WHAT IS NEEDED
For the records below, please print exactly and only the lines from the one with "وقال القاضي عياض" down to the one with "台灣現貨 小麥手作舖︱飄帶帆布包-方型︱帆布袋 環保袋", both ends included, omitting the pictures.

(SOURCE INFORMATION Opens)

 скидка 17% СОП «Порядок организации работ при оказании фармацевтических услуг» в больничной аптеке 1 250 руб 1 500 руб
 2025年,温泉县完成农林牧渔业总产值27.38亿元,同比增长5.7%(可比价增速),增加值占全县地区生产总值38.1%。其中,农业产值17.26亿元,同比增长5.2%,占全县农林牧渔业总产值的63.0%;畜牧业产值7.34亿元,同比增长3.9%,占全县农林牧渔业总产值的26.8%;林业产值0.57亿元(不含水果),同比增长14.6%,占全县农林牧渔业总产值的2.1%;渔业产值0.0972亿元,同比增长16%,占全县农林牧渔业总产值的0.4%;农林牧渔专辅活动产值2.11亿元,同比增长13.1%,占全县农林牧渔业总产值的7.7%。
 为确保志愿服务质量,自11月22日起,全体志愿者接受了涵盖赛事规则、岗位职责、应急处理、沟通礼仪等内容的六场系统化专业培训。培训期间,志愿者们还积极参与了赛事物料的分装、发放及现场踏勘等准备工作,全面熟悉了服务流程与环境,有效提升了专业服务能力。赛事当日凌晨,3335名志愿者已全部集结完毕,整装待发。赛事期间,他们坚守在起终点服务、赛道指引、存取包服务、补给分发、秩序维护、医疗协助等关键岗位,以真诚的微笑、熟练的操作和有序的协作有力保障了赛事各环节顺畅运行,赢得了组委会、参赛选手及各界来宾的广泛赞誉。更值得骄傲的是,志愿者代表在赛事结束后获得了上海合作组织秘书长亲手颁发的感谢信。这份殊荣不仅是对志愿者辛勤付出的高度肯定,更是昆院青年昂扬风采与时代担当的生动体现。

(SOURCE INFORMATION Closes)
(SOURCE INFORMATION Opens)

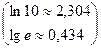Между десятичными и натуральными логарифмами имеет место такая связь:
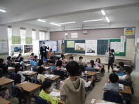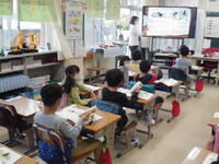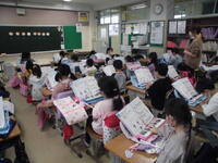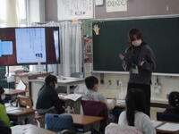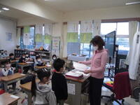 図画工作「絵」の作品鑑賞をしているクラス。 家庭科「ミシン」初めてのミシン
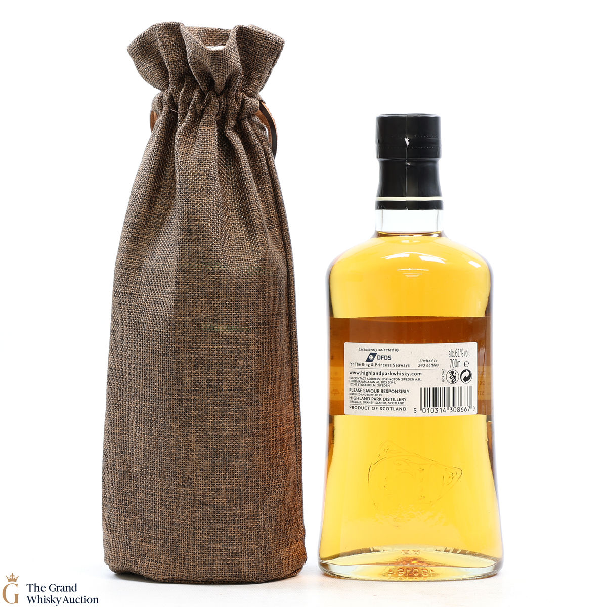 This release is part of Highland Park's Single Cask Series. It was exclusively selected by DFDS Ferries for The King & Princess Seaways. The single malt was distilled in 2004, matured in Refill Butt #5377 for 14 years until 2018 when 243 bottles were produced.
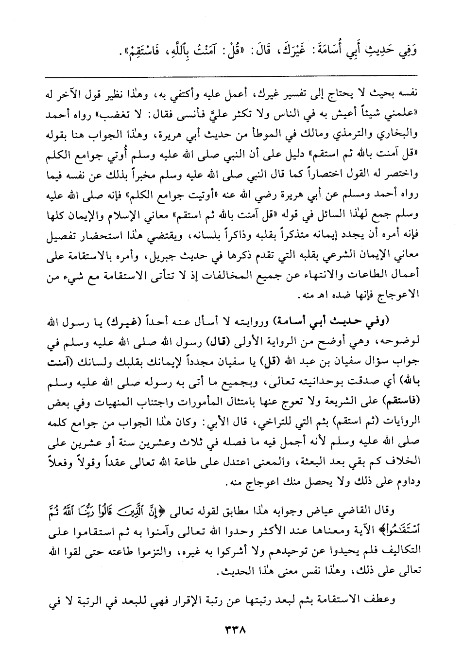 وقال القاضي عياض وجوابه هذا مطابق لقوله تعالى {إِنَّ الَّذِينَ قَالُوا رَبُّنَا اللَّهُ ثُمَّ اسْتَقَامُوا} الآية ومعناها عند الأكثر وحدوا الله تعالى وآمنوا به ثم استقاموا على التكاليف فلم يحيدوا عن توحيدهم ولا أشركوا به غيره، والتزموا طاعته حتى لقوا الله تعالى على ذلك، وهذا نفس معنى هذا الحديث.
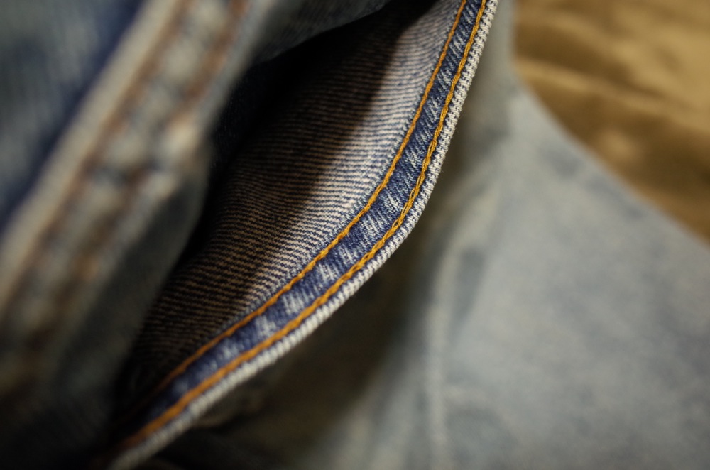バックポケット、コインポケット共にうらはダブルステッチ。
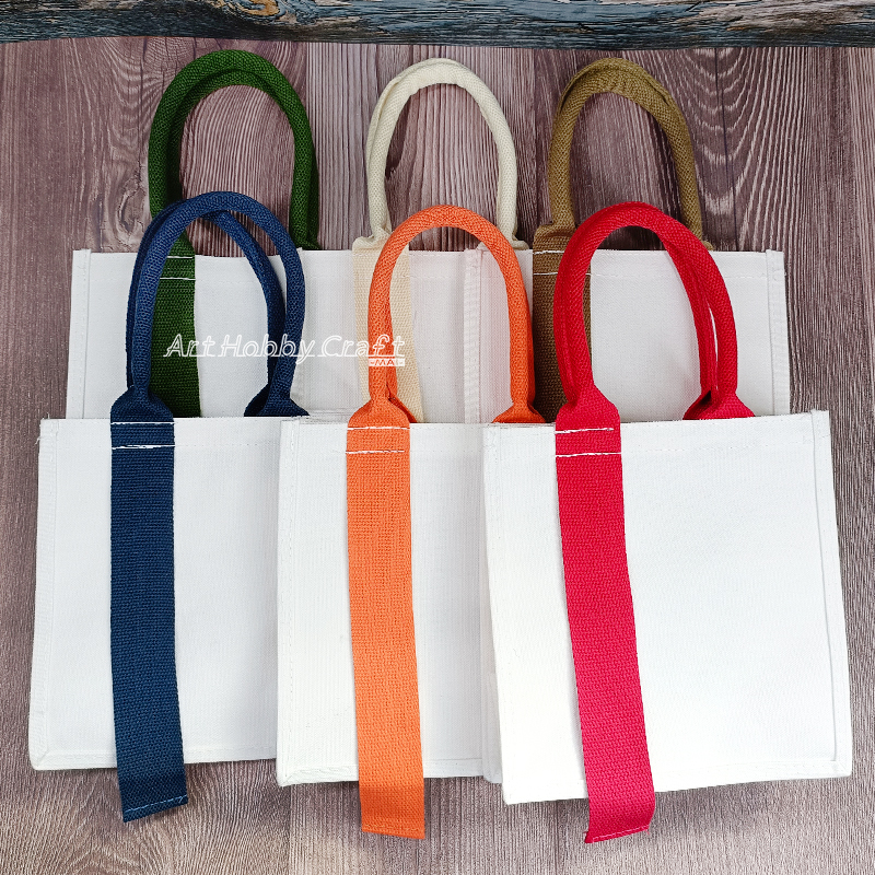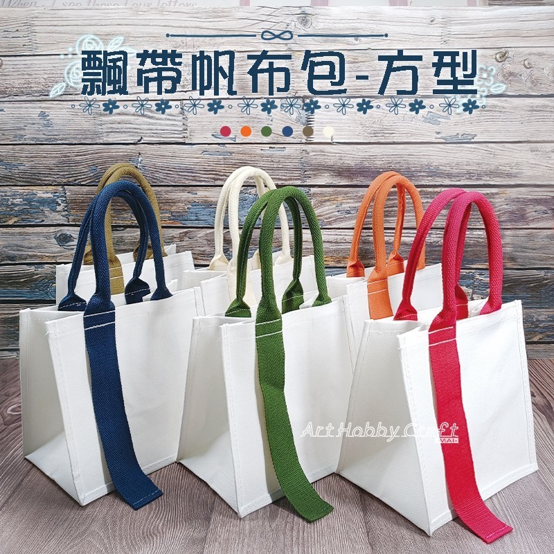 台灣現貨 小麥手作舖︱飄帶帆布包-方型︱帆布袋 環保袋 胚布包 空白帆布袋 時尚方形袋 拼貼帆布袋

(SOURCE INFORMATION Closes)

ANSWER SECTION
 وقال القاضي عياض وجوابه هذا مطابق لقوله تعالى {إِنَّ الَّذِينَ قَالُوا رَبُّنَا اللَّهُ ثُمَّ اسْتَقَامُوا} الآية ومعناها عند الأكثر وحدوا الله تعالى وآمنوا به ثم استقاموا على التكاليف فلم يحيدوا عن توحيدهم ولا أشركوا به غيره، والتزموا طاعته حتى لقوا الله تعالى على ذلك، وهذا نفس معنى هذا الحديث.
バックポケット、コインポケット共にうらはダブルステッチ。
 台灣現貨 小麥手作舖︱飄帶帆布包-方型︱帆布袋 環保袋 胚布包 空白帆布袋 時尚方形袋 拼貼帆布袋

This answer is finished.